What is Y Combinator, exactly? Why does it work? I do real-world applications in Java/C#/C++/JavaScript or whatever, I don’t do Scheme for a living. What’s in it for me? Is it just a cool idea with no practical applications whatsoever? I find that the best way for me to understand something is to write about it. So here it is.

JavaScript: Lisp in C’s Clothing

All examples will be in JavaScript. Examples in Lisp/Scheme can be difficult to read, especially when you’re not used to the language yet. Writing the examples and illustrations in the familiar C-syntax will make it easier for me (and you, if you’re one of the two or three people who are reading this). The examples won’t be in Java, because Java’s obsession with nouns will make it awkward to write them. The fact that functions are first-class in JavaScript makes things a LOT easier. (If you need a short intro of JavaScript’s true capabilities, I’d shamelessly recommend this article.) So, with that out of the way, let’s start!

The Problem

Let’s start by a simple basic recursive function: factorial. Simplest function in the world, right? It’s like the Hello World of recursion.

function factorial(num) {
    if(num < 2) {
        return 1;
    }
    return num * factorial(num - 1);
}

Of course, functions are first-class in JavaScript, so we could’ve written it like this:

var factorial = function(num) {
    if(num < 2) {
        return 1;
    }
    return num * factorial(num - 1);
};

But now we have a potential problem, don’t we? The recursive call to factorial within the method only works because we happen to name the variable “factorial” as well. Should we name the variable differently, say, “fact”, instead of “factorial”:

var fact = function(num) {
    if(num < 2) {
        return 1;
    }
    return num * factorial(num - 1);
};

Then we get an error, because when we call “factorial(num – 1)”, the name “factorial” is not bound to anything. We can fix it for this case by changing the call to “fact(num – 1)”, of course, but this approach is a quick fix that doesn’t work, because this function can be assigned to any variable of any name.We have a problem that can be summed up thus: a recursive function is a function that calls itself. But an anonymous function has no name. So… how is it supposed to call itself for recursion?

First Attempt

(If you’re thinking: “Just give the bloody function a bloody name so you can make it recursive and get on with your life!”, I can’t say I totally disagree with you at this point. But anyway.)

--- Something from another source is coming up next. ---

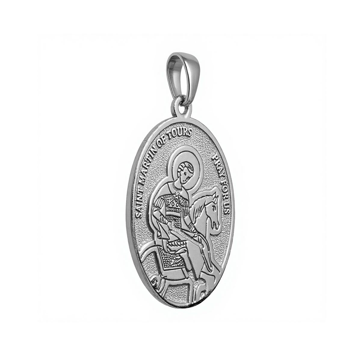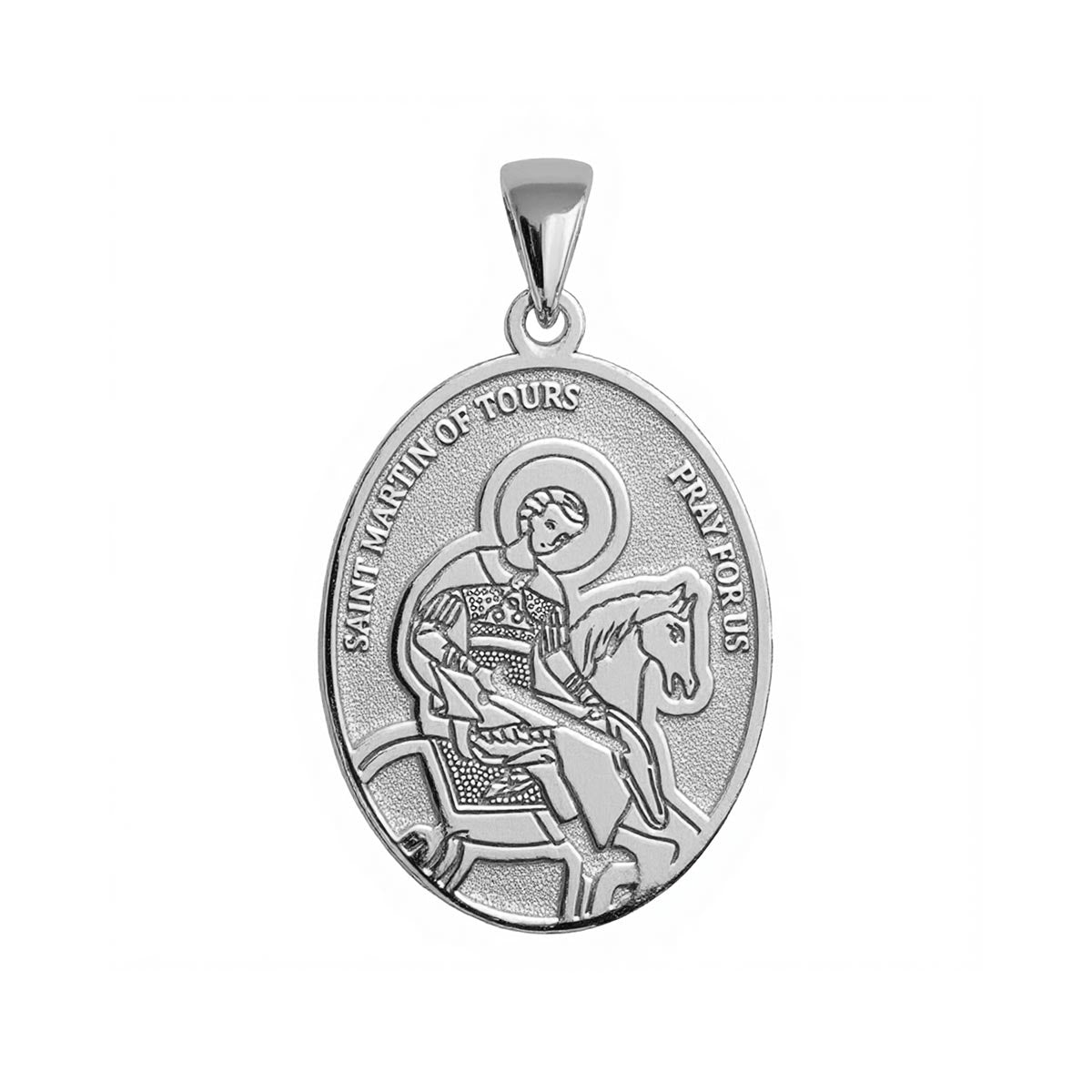 Experience the divine elegance of the Martin Tours Oval Religious Medal. Crafted with a timeless elegance, this sacred medal features a beautifully detailed depiction of Saint Martin, the beloved patron saint of soldiers and the poor. Wear this symbol of faith close to your heart, drawing inspiration from his compassion and courage. Perfect for gifting or personal devotion, it's a treasured piece to cherish always.

So what can we do here? Well for one, we can keep the function anonymous, and get the name for recursion from a parameter passed to the anonymous function, like this:

var fact = function(forRec, num) {
    if(num < 2) {
        return 1;
    }
    return num * forRec(forRec, num - 1);
};

Then when we want to use it, we just pass the name of the function to itself, like this:
js> fact(fact, 0)
1.0
js> fact(fact, 1)
1.0
js> fact(fact, 2)
2.0
js> fact(fact, 3)
6.0
No matter what the name is, as long as we keep passing the same name as the first parameter, we’ll be OK–the anonymous function will be correctly calling itself.

But… OK, Second Attempt

The solution kinda works. But it’s not nice, requiring your users to your function name twice everytime they want to use it. Besides, now the code becomes less clear–everybody knows factorial, but this self-passing-to-self business is obfuscating the code. I believe we can do better. Let’s try to separate the “passing a function to itself” bit from the “calculate factorial of” bit, by currying it. Like this:

var createFact = function(forRec) {
    return function(num) {
        if(num < 2) {
            return 1;
        }
        return num * (forRec(forRec))(num - 1);
    };
};

(Currying, or Schönfinkelisation, is a lesson to all of us to choose names that are easy to spell, remember, and pronounce. Or else you may invent something and the other guy with the catchier name–who can compete with Curry?–gets the credit.)In the snippet above, the outer anonymous function (the one with forRec as a parameter) returns another anonymous function (the one accepting parameter num). The latter is very similar to our original factorial function (remember that our objective is to separate the passing-function-to-itself bit from the factorial bit), except for the bit in green:

(forRec(forRec))(num - 1);

That line is where the inner function needs to recurse. But instead of requiring a name to recurse, it calls the outer function… which returns the inner function itself. And that returned inner function is in turn called, with “num – 1″ as its argument. There we have our recursion.So now we have a slightly cleaner solution. We can use the outer function to create the inner function like this:

js> var factorial = createFact(createFact);
js> factorial(10)
3628800.0

Note that this is equivalent to this one-liner:

js> createFact(createFact)(10)
3628800.0

Hmmm. The code for the factorial function is still polluted, though. Let’s try to take out the anonymous recursion part from the factorial function entirely.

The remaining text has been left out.